Limitations of Win Probability Models
Win probability models are good at the average case — they reflect what has happened historically across many matches in similar states. They are less reliable in unusual situations: a match where the conditions are dramatically different from anything in the training data (e.g., a Test on a rapidly deteriorating strip after a monsoon), or a match involving a single extraordinary player performance far outside historical norms (Lara's 400, Murali's 8-wicket collapse). They also do not capture momentum within the context of the current match — a fielding side that is energised and bowling with rhythm may have a higher actual win probability than the model assigns, because the model sees only the state variables and not the 'vibe.'
Despite these limitations, win probability models are the best tool available for making match state tangible and communicable. A viewer who understands that their team's win probability fell from 70% to 35% after a dropped catch understands why that moment mattered, even if they cannot articulate the underlying mathematics.

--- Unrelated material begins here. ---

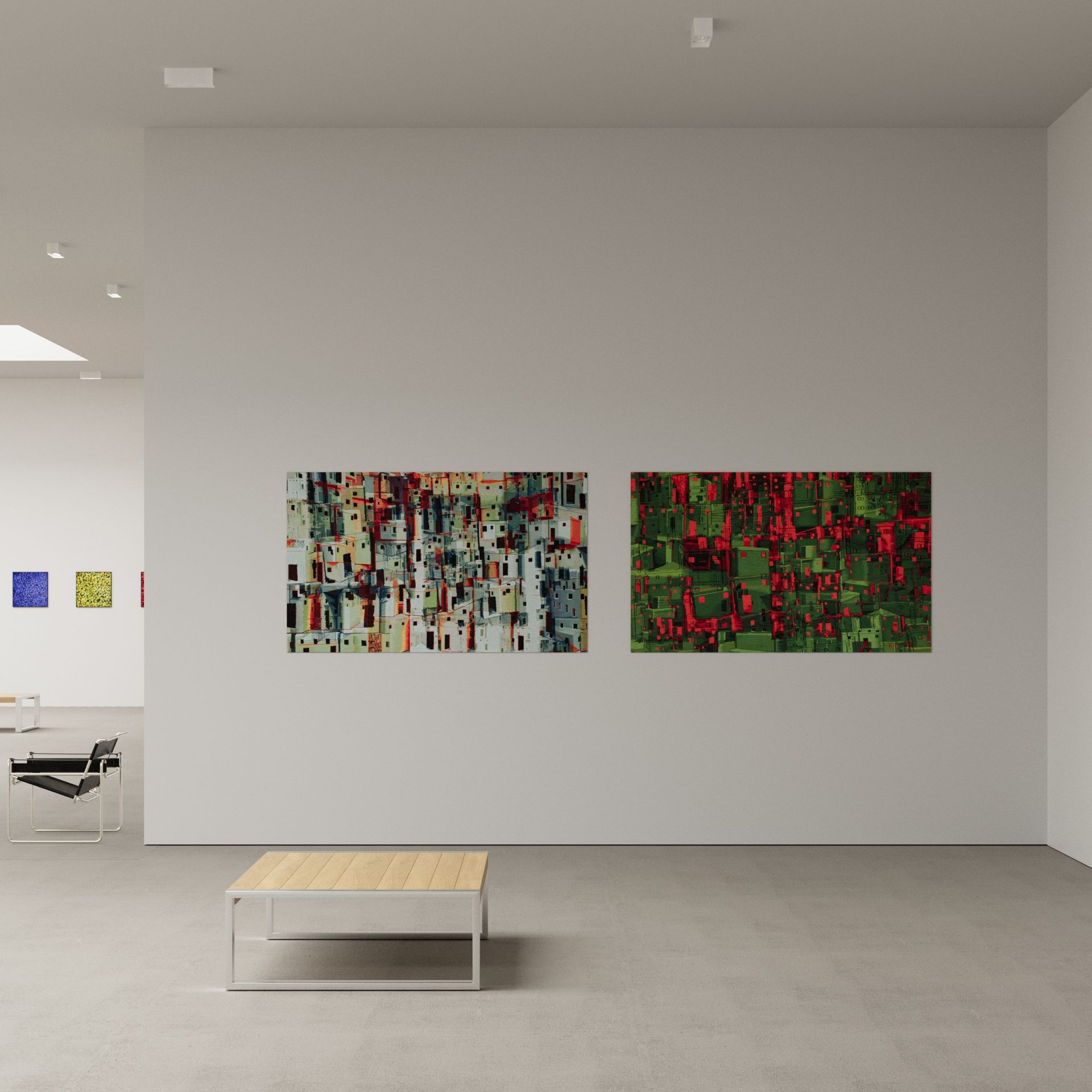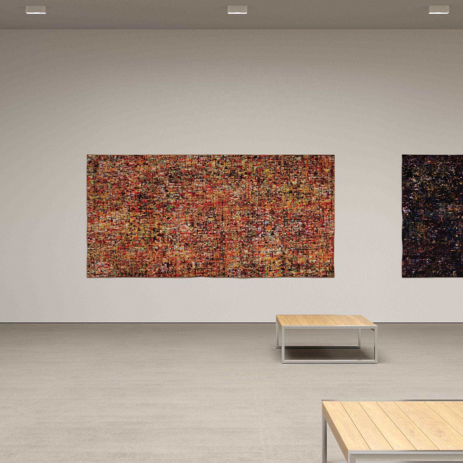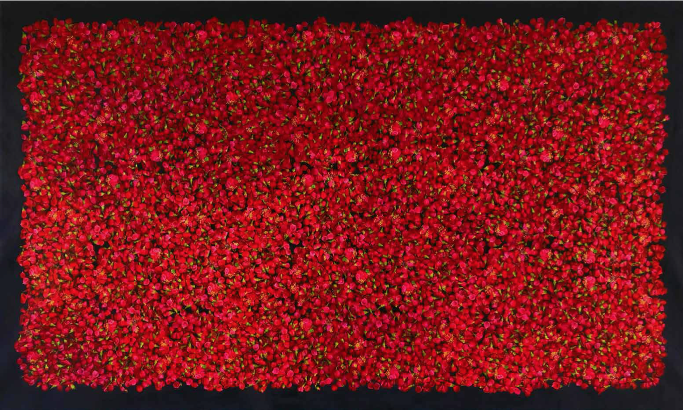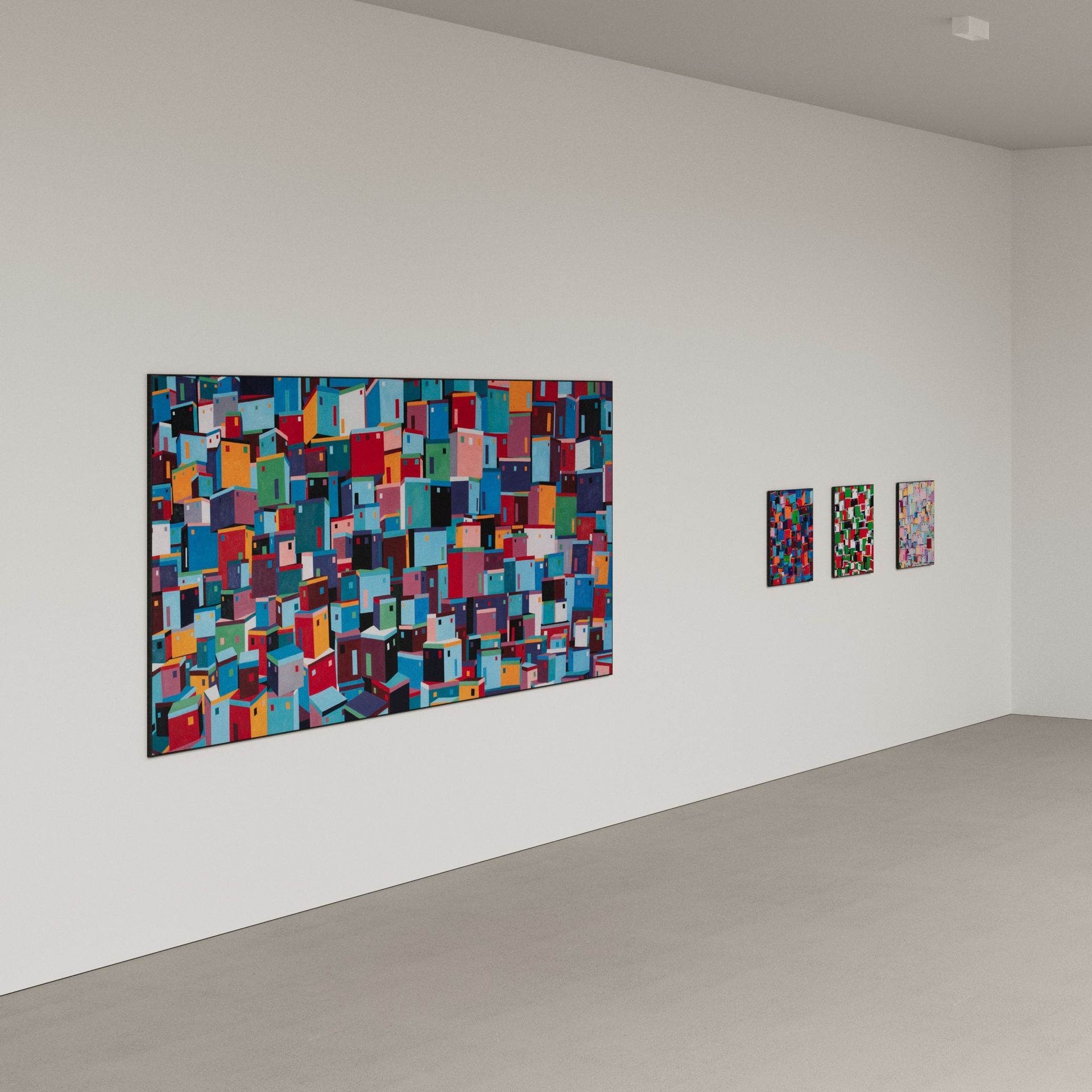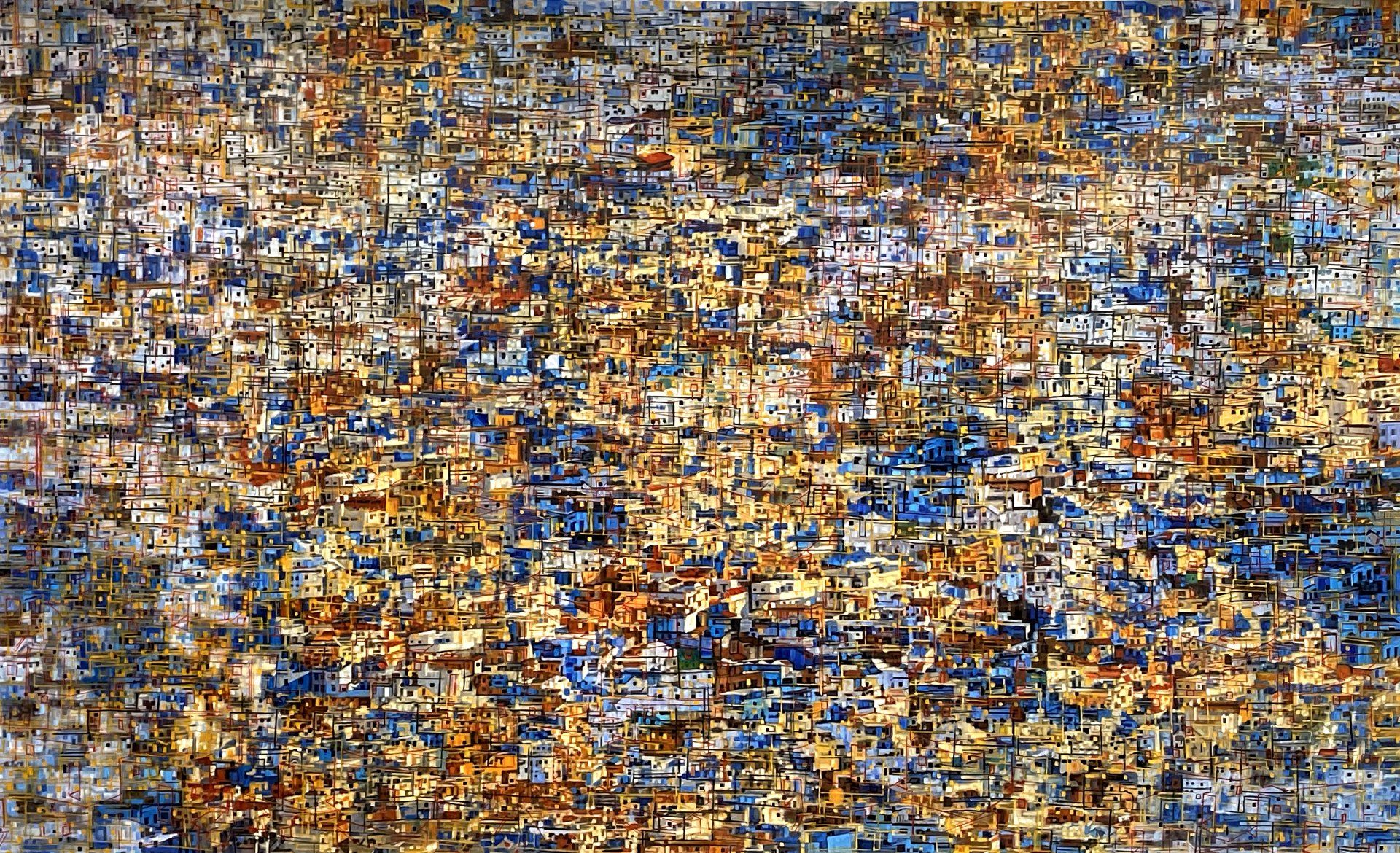 He has explored these themes across many mediums from video and sculptural installations to fine tapestries, but painting has always been the core practice in his work. Imagery generated from his monumental installations such as ‘Genie’ at The Imperial War Museum, ‘Enter Ghost, Exit Ghost’ at the Yang Gallery Beijing and ‘Giardino Occupato’ at the Venice Biennale, re-emerge and are reformulated in his paintings, mostly in his use of partly abstracted depictions of houses. These houses, presented in immersive installations or entirely covering the surface of paintings, have become a signature motif of his work, in which they are used to condense and intensify the relationships between abstraction, repetition and pattern, alongside ideas of the home and displacement.

Frequently asked questions
How is DLS different from win probability?
DLS (Duckworth-Lewis-Stern) calculates a revised target for an interrupted match — it tells you what score Team 2 needs to win given the overs lost. Win probability tells you the probability of achieving a given target from the current match state. DLS is a rule-based target-setting system; win probability is a probabilistic match-state assessment.
Can a team with 5% win probability still win?
Yes — 5% means the team wins in roughly 1 in 20 similar historical situations. Matches in that state have been won before, and the model reflects that. The 2019 World Cup final and the Headingley 2019 Ashes Test are examples of teams winning from estimated win probabilities of under 10% at various points.
Do cricket teams use win probability during matches?
Top-level teams increasingly have analysts who use win probability to inform real-time tactical decisions — when to promote an aggressive hitter, when to set attacking fields, whether to declare in Test cricket. The practice became widespread after the 2010 IPL seasons when franchise analytics teams began deploying live models.